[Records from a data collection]
▬▬▬▬▬▬▬▬▬▬

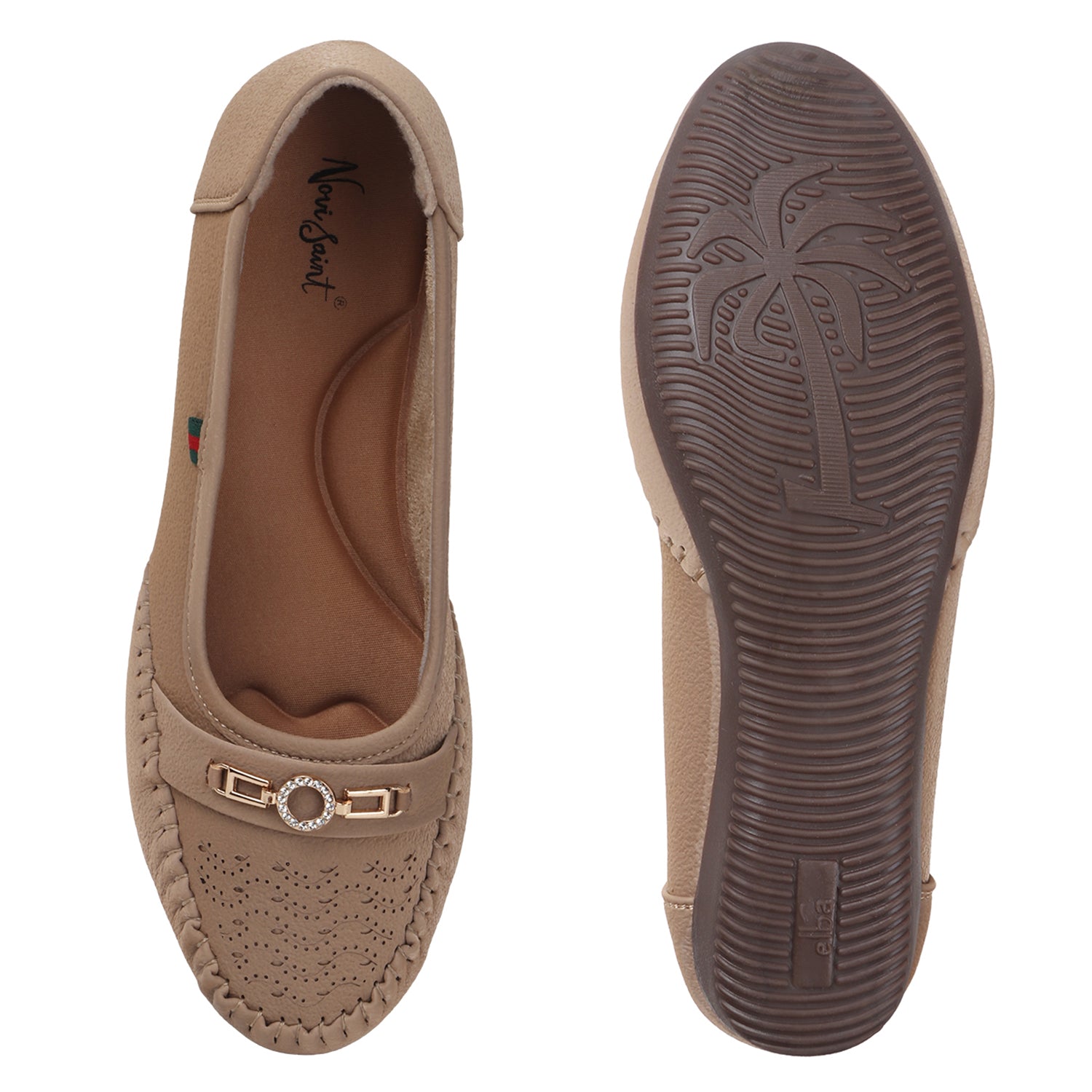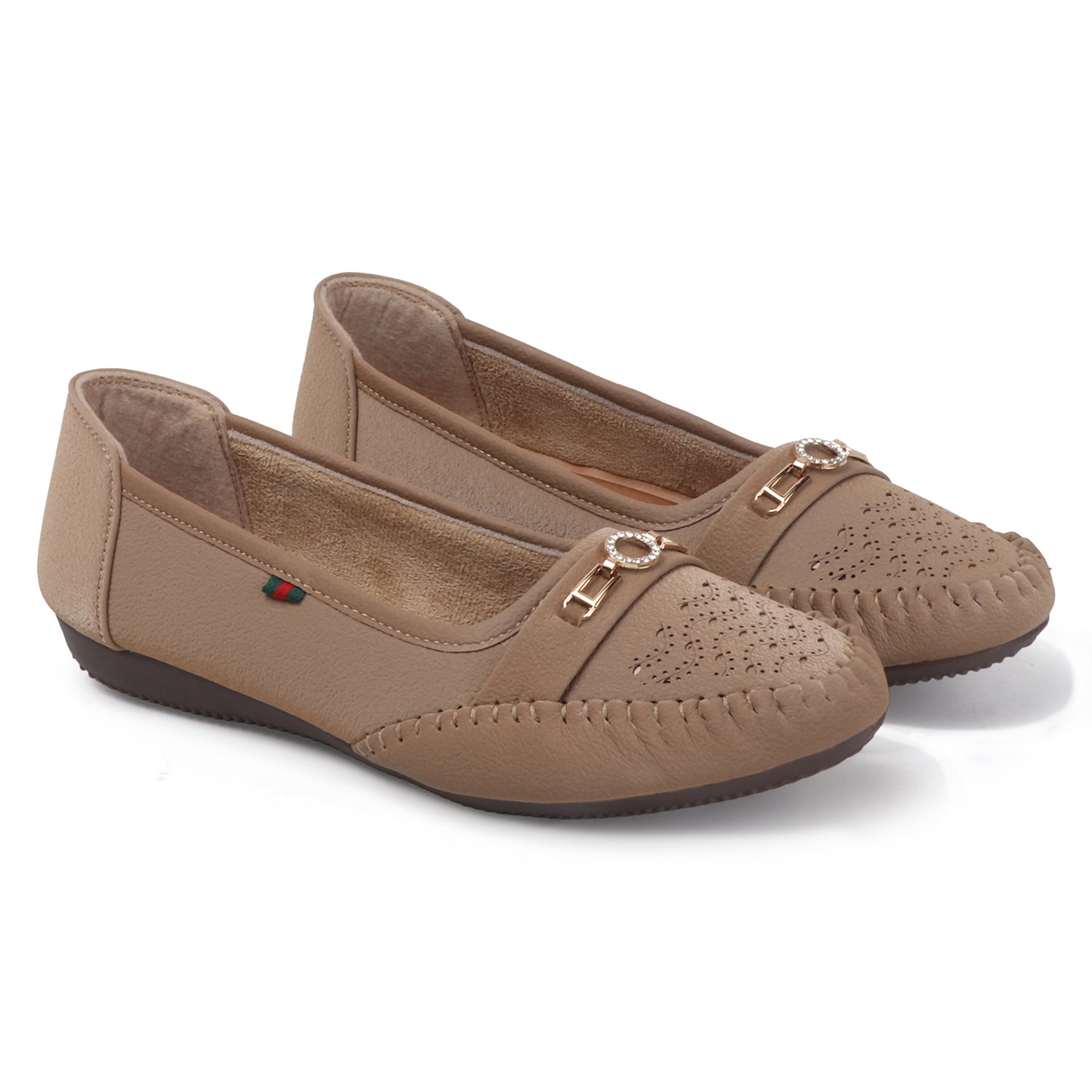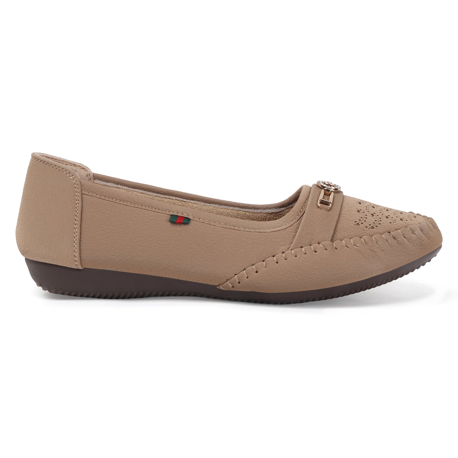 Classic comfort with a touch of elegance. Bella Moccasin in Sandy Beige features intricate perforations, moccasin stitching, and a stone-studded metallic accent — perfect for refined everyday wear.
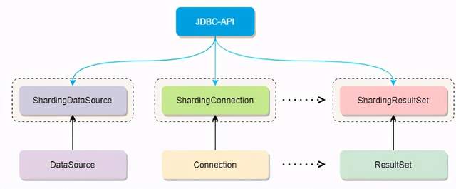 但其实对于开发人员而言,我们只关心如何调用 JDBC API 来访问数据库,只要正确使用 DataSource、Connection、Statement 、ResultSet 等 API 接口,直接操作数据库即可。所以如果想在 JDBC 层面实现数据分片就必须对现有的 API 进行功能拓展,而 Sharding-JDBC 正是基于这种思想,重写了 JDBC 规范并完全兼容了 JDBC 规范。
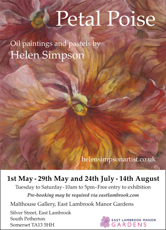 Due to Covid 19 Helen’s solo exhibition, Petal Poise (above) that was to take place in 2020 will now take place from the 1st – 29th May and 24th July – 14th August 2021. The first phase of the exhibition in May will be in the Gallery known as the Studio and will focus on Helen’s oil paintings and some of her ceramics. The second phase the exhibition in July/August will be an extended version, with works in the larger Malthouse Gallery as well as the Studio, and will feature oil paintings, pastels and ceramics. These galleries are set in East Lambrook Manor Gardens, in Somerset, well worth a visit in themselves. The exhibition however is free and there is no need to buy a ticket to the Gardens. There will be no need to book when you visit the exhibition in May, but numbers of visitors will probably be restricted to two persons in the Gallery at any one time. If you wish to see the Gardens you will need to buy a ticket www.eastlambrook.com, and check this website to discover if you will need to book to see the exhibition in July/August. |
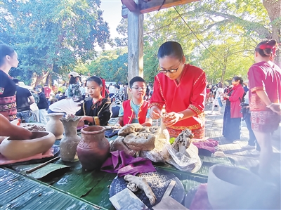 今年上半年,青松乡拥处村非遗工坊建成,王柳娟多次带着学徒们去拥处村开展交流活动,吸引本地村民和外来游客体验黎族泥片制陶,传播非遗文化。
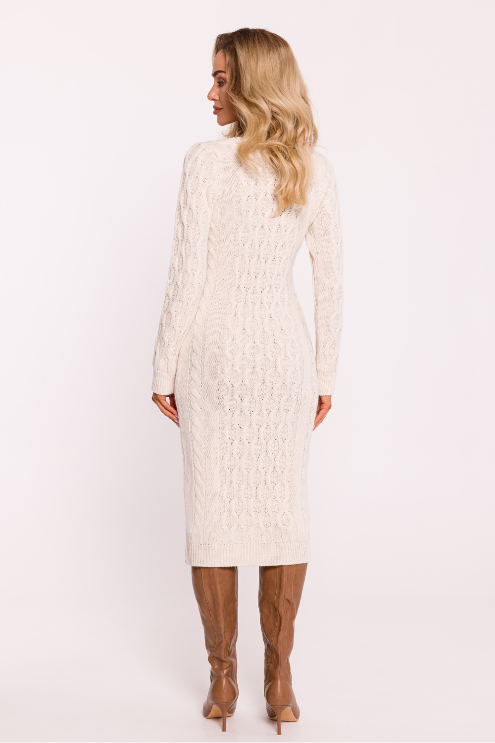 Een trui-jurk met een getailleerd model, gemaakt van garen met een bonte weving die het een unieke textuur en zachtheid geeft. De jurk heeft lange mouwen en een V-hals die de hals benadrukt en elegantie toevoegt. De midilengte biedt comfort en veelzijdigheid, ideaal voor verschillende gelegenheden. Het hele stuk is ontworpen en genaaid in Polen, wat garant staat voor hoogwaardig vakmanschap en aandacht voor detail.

▬▬▬▬▬▬▬▬▬▬

All the lines above need to be repeated exactly, with no pictures carried over.

▶ **YOUR RESPONSE**
 Classic comfort with a touch of elegance. Bella Moccasin in Sandy Beige features intricate perforations, moccasin stitching, and a stone-studded metallic accent — perfect for refined everyday wear.
 但其实对于开发人员而言,我们只关心如何调用 JDBC API 来访问数据库,只要正确使用 DataSource、Connection、Statement 、ResultSet 等 API 接口,直接操作数据库即可。所以如果想在 JDBC 层面实现数据分片就必须对现有的 API 进行功能拓展,而 Sharding-JDBC 正是基于这种思想,重写了 JDBC 规范并完全兼容了 JDBC 规范。
 Due to Covid 19 Helen’s solo exhibition, Petal Poise (above) that was to take place in 2020 will now take place from the 1st – 29th May and 24th July – 14th August 2021. The first phase of the exhibition in May will be in the Gallery known as the Studio and will focus on Helen’s oil paintings and some of her ceramics. The second phase the exhibition in July/August will be an extended version, with works in the larger Malthouse Gallery as well as the Studio, and will feature oil paintings, pastels and ceramics. These galleries are set in East Lambrook Manor Gardens, in Somerset, well worth a visit in themselves. The exhibition however is free and there is no need to buy a ticket to the Gardens. There will be no need to book when you visit the exhibition in May, but numbers of visitors will probably be restricted to two persons in the Gallery at any one time. If you wish to see the Gardens you will need to buy a ticket www.eastlambrook.com, and check this website to discover if you will need to book to see the exhibition in July/August. |
 今年上半年,青松乡拥处村非遗工坊建成,王柳娟多次带着学徒们去拥处村开展交流活动,吸引本地村民和外来游客体验黎族泥片制陶,传播非遗文化。
 Een trui-jurk met een getailleerd model, gemaakt van garen met een bonte weving die het een unieke textuur en zachtheid geeft. De jurk heeft lange mouwen en een V-hals die de hals benadrukt en elegantie toevoegt. De midilengte biedt comfort en veelzijdigheid, ideaal voor verschillende gelegenheden. Het hele stuk is ontworpen en genaaid in Polen, wat garant staat voor hoogwaardig vakmanschap en aandacht voor detail.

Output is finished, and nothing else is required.